Eine andere Beförderungsmöglichkeit ist der Sammeltransport. Nach einem festen Linienplan werden die Gefangenen wie eine Manövriermasse in umgebauten Reisebussen transportiert, welche zur Verhinderung von Entweichungen oder gar Befreiungsversuchen technisch gesichert sind. Im Durchschnitt bietet ein solcher Bus 11 mobile Zellen und Platz für 27 Gefangene. Zum Teil in Einzelkabinen gepfercht (oft nur einen halben Quadratmeter groß; zum Ausblick steht in den meisten Fällen nur ein winziger Sehschlitz zur Verfügung; als Luftzufuhr dient eine Belüftung, die entweder kalte oder warme Luft in den einer überdimensionalen verschließ- und verriegelbaren Sparbüchse ähnlichen Raum leitet; Anschnallgurte sind nahezu niemals vorhanden; Toiletten sind in den Thüringer Bussen nicht zu finden), wird der Gefangene wie ein Transportgut, wie eine Ware von A nach B gefahren.
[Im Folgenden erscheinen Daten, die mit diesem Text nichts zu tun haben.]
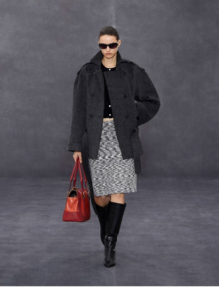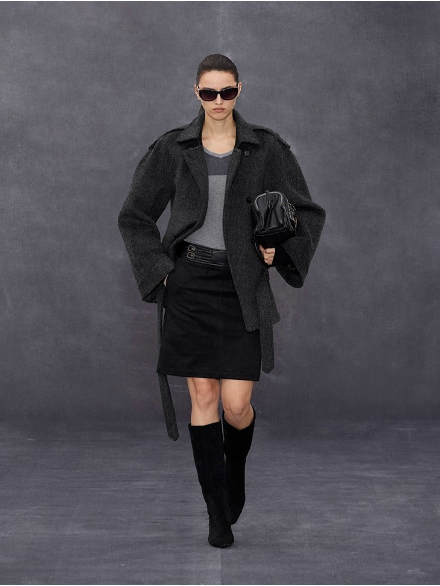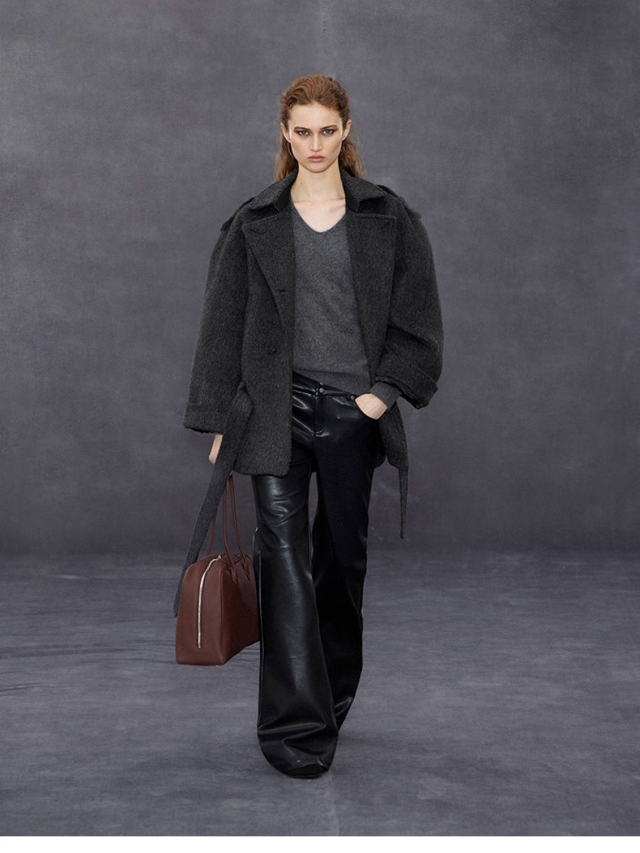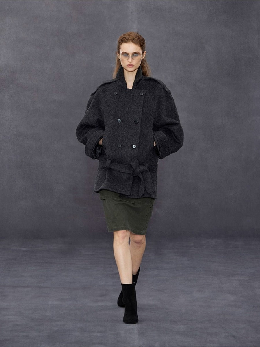 Lapel Curved Shoulders Short Wool Coat「NEW」
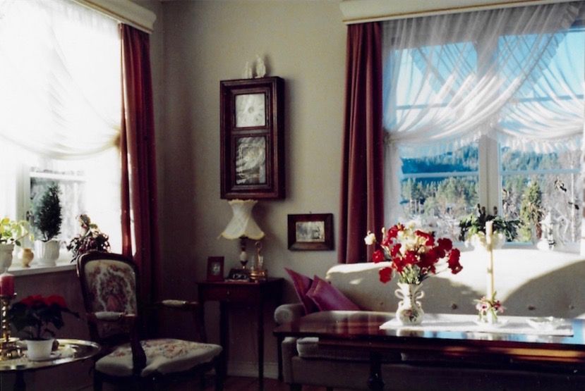 They like purple. Precious family furniture, drawings, and paintings by Rolf before the war. Tables, chairs, chest, mittens from Jøran's grandmother, great grandmother, and great great grandmother. Lovely china, silver, many many elegant serving dishes. They don't have a new car or a VCR or a microwave or a garbage disposal. Their refrigerator is small and the washer, dryer tiny and time-consuming to use. Heat from oil burning stoves in the center of the house, 2 wood stoves, several electric heaters. 2 floors, big cellar in the basement, garage, large storage building, big yard, flagpole.
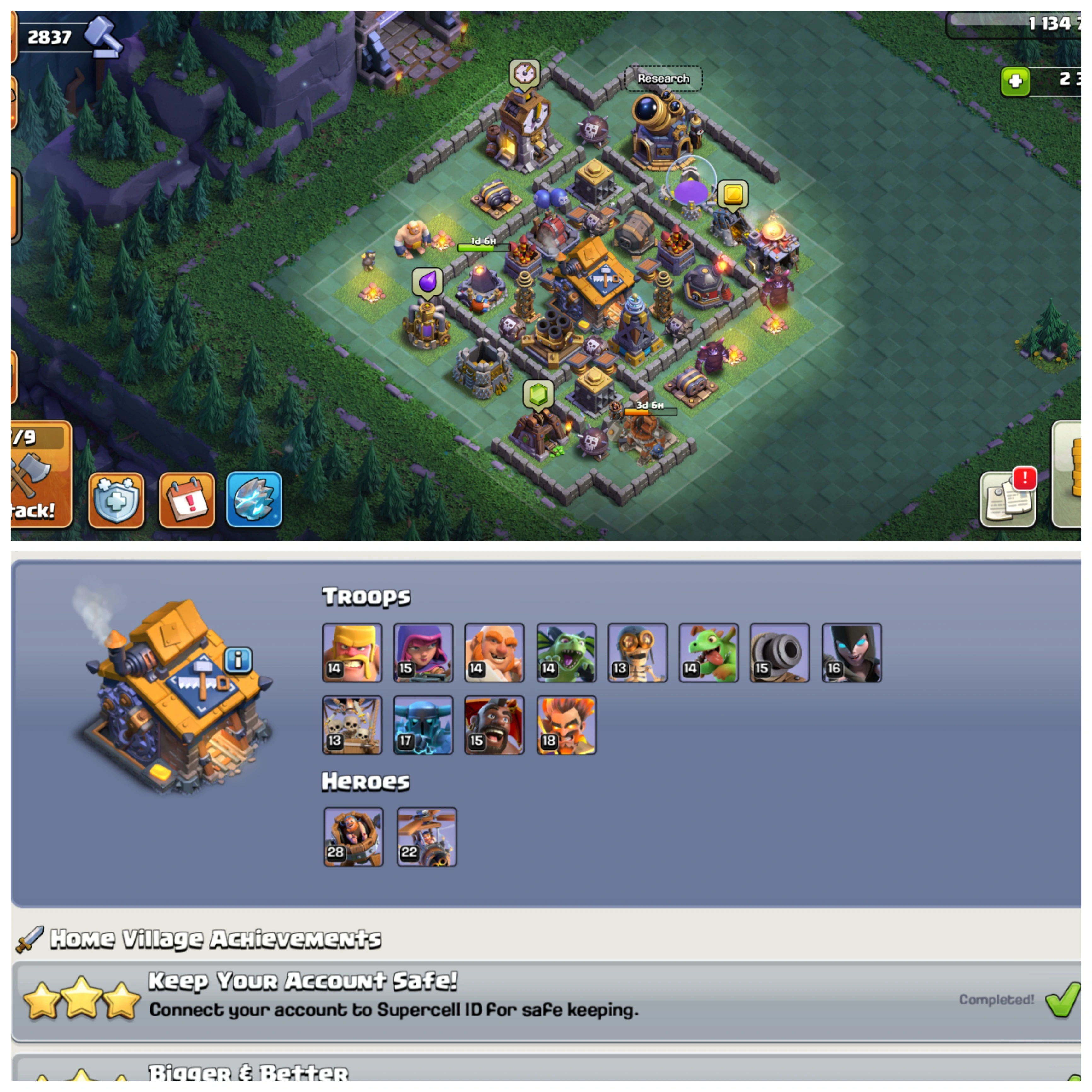 🔥 TH 16 Fearless 🧩 8 Epic Equipments ⚒️ Heroes: BK75 AQ90 MP53 GW56 RC31 ✨ Name Changeable 🎁 Stacked Items 🏅 200+ CWL Medals ⚡ Instant Delivery

Gerade in den Sommermonaten bewegt sich eine derartige Beförderung im Bereich des Unerträglichen, da in den Bussen - die vorhandene Belüftung reicht nicht annähernd aus -horrende Temperaturen herrschen. Sammeltransporte durch ganz Deutschland können zum Teil mehrere Wochen dauern. Eine Fahrt von Aachen nach Dresden schlägt durchschnittlich mit 15 Tagen zu Buche, weil der Häftling zwischenzeitlich als "Durchgangsgefangener“ in verschiedenen Justizvollzugsanstalten verweilen und in der Logik nicht nachvollziehbare Umwege in Kauf nehmen muss. Untergebracht wird der Gefangene während dieses Zeitraumes in so genannten Termin-, Zu- bzw. Durchgangszellen, weiche meist spartanisch ausgestattet und stark verschmutzt sind. Oftmals entsprechen die Räumlichkeiten nicht einmal den Mindeststandards der Einhaltung menschenwürdiger Unterbringung, da diese Zellen stets überbelegt sind und zumeist über keine separat abgetrennte oder gesondert entlüftete Toilette verfügen. Dass sich vier Gefangene einen 12-Quadratmeter-Haftraum teilen mussten und im Status quo immer noch oftmals teilen müssen, ist keine Seltenheit.